EW: Think about it: cars, toys, aspirin, meat, toasters, water — nearly every product sold today has passed basic safety regulations well in advance of being marketed and sold. But consumer credit is a kind of buyer-beware, wild west. That is partly the result of history. Usury laws that existed since Biblical times, through the colonial period and into the 1980s, provided basic consumer protection. Once those laws were quietly undercut, the industry moved to a tricks-and-traps business model. The big banks would promise something for free, like credit cards or checking accounts, or for very low cost, like teaser-rate mortgages, then make their money on the back-end with fees and interest rate escalation. Most people don’t know they have been fooled until it is too late. Last year, for example, families paid a total of $24 billion on overdraft — mostly on “free” checking accounts. People can see exploding toasters, and the newspapers run plenty of headlines about lead in children’s toys. But smaller hits, day after day hitting millions of people, don’t catch the same kind of attention — even though fixing those hits will help make people much more secure over time.
LP: What are the consequences of distrust in the marketplace? How does it affect our social fabric?
EW: For three decades, the once-solid, once-secure middle class has been pulled at, hacked at, and chipped at until its very foundations have started to tremble. Families have done their best to adjust — sending both mom and dad into the workplace, cutting back flexible spending on food, clothing and appliances, and spending down their savings. When they learn that they have been tricked — a $39 fee that they shouldn’t have to pay or an escalating mortgage that will cost them their home — they start to wonder who wrote the rules that allow that to happen. Distrust spreads everywhere — to industry, to politics, to the institutions that were supposed to make us a stronger country. The costs imposed by a banking industry that makes its money tricking people go far beyond dollars.
LP: Have lenders and creditors preyed on our human weaknesses? Do they drive us to be profligate and irresponsible?
EW: Personal responsibility matters. There are no excuses for those who spend money on things they cannot afford. But it’s a whole lot harder to act responsibly when consumer credit contracts are designed to be incomprehensible, when prices are obscure and risks are hidden. I would like to see a world where families can read their credit terms and easily shop for better deals. When we get to that world, it will be a lot fairer for families to be held to every last clause they agree to.
LP: How can consumer trust be restored?
EW: First, big banks can stop pouring so many resources into blocking meaningful reform. Families have made it clear that they are sick and tired of all the lobbying and that they think enough is enough. From the beginning, I think the Wall Street banks underestimated the furor they would provoke by acting like nothing changed and continuing to lobby just like they did before the bailouts. I also think they underestimated the good faith and trust they could have built by cutting back. Second, we need two-page credit card, mortgage, and overdraft contracts. Until the deals are clear up front, until the fine print is gone and the banks price products so people can see the true costs and risks, consumers won’t trust any lender claims. And I don’t blame them.
LP: What is the most important thing ordinary people can do to protect themselves from abusive financial practices?

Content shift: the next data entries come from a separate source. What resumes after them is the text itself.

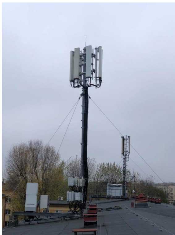
Zał. nr 1: Widok ogólny instalacji radiokomunikacyjnej.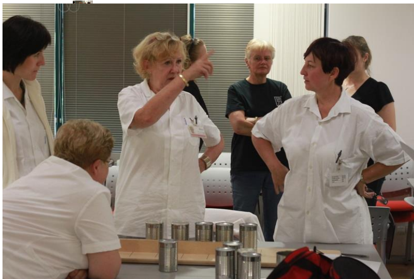
Setkání zástupců EDC FN Ostrava a KrP ÚP ČR Moravskoslezského kraje

Klinika léčebné rehabilitace je akreditovaným pracovištěm pro erudici lékařů v oboru RFM. Pracovníci kliniky se podílejí na pregraduální výchově studentů Ostravské univerzity. Klinika organizuje postgraduální kurzy pro fyzioterapeuty a ergoterapeuty z celé ČR.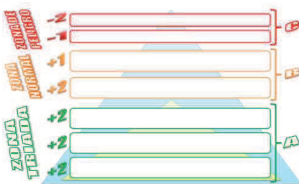
Figura 8. Actividad de aplicación 2

Recorta productos o alimentos de los catálogos que habéis traído de la tienda más cercana a vuestra casa. Una vez recortados tenéis que pegarlos en vuestra pirámide "Desaludyuna". Inconveniente: para llegar a vuestra pirámide tenéis que pasar un pequeño desafío (circuito de habilidades motrices), solo podéis transportar un recortable por persona, además, solo puede estar un miembro del grupo en el circuito.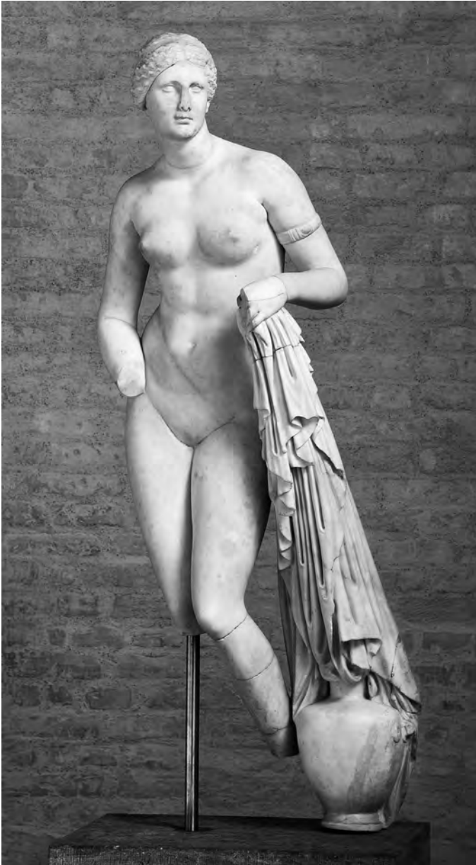
9 Praxiteles, Aphrodite von Knidos (römische Kopie). München, Glyptothek

EW: Get out of debt. In a world of stagnant incomes and rising core expenses like mortgage and health care costs, that’s a lot easier said than done. The middle class is under enormous pressure. But families can stop the bleeding by reducing their reliance on debt wherever they can. They can also start fighting back by taking a hard look at whom they do business with and rethinking whether they want tricks-and-traps banks to hold their money. They can also demand that public officials take the side of families over the side of banks.
Lynn Parramore is Editor of New Deal 2.0, Fellow at the Roosevelt Institute, and author of Reading the Sphinx.